(RECORDED DATA begins)

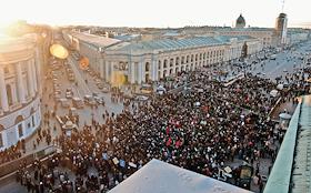 Митинг пенсионеров против монетизации льгот на углу Невского проспекта и Садовой улицы.
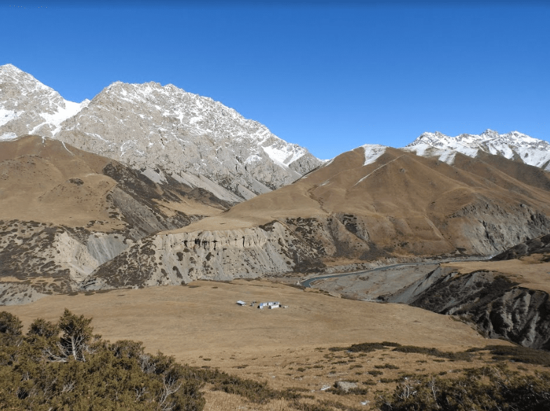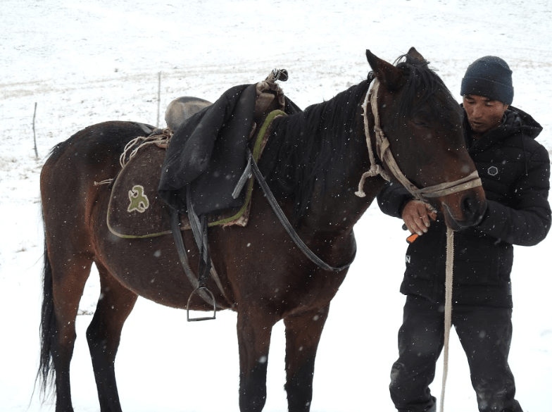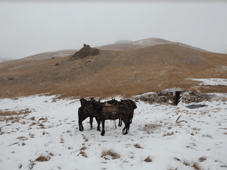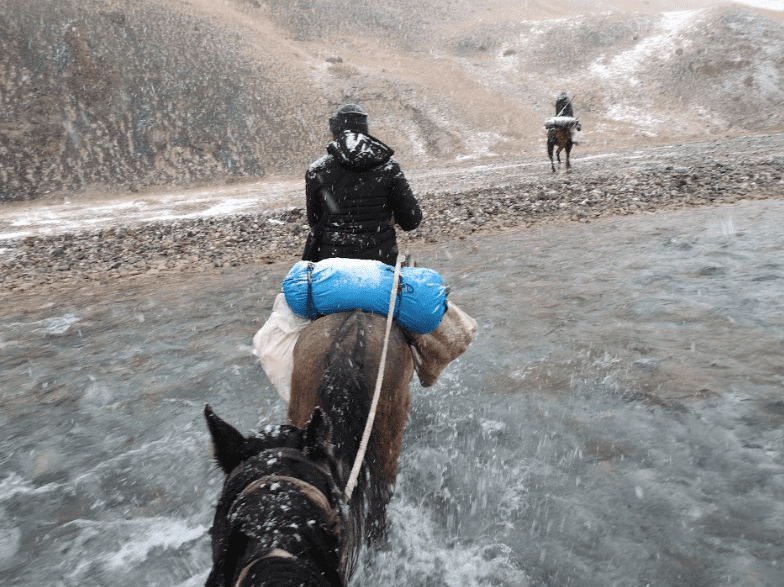 Mellem bjerge med sneklædte tinder lå vores basecamp. Denne lejr var første stop, inden vi skulle fortsætte på hesteryg til jagtområderne i bjergene den næste dags morgen.
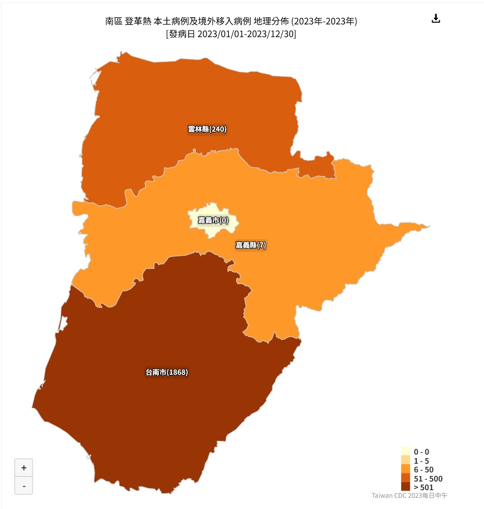 台南市已經有1961例,近日將突破2千大關。至於其他
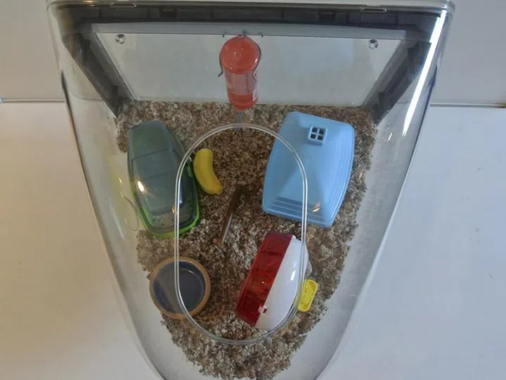 This computer looks like it might once have been an iMac from more than a decade back. But whatever it was in life, it's now a cool home for a very lucky guinea pig.

(RECORDED DATA ends)

● WHAT THE TASK REQUIRES: Please give back the data above word for word, with no pictures included.

● EXERCISE ANSWER:
 Митинг пенсионеров против монетизации льгот на углу Невского проспекта и Садовой улицы.
 Mellem bjerge med sneklædte tinder lå vores basecamp. Denne lejr var første stop, inden vi skulle fortsætte på hesteryg til jagtområderne i bjergene den næste dags morgen.
 台南市已經有1961例,近日將突破2千大關。至於其他
 This computer looks like it might once have been an iMac from more than a decade back. But whatever it was in life, it's now a cool home for a very lucky guinea pig.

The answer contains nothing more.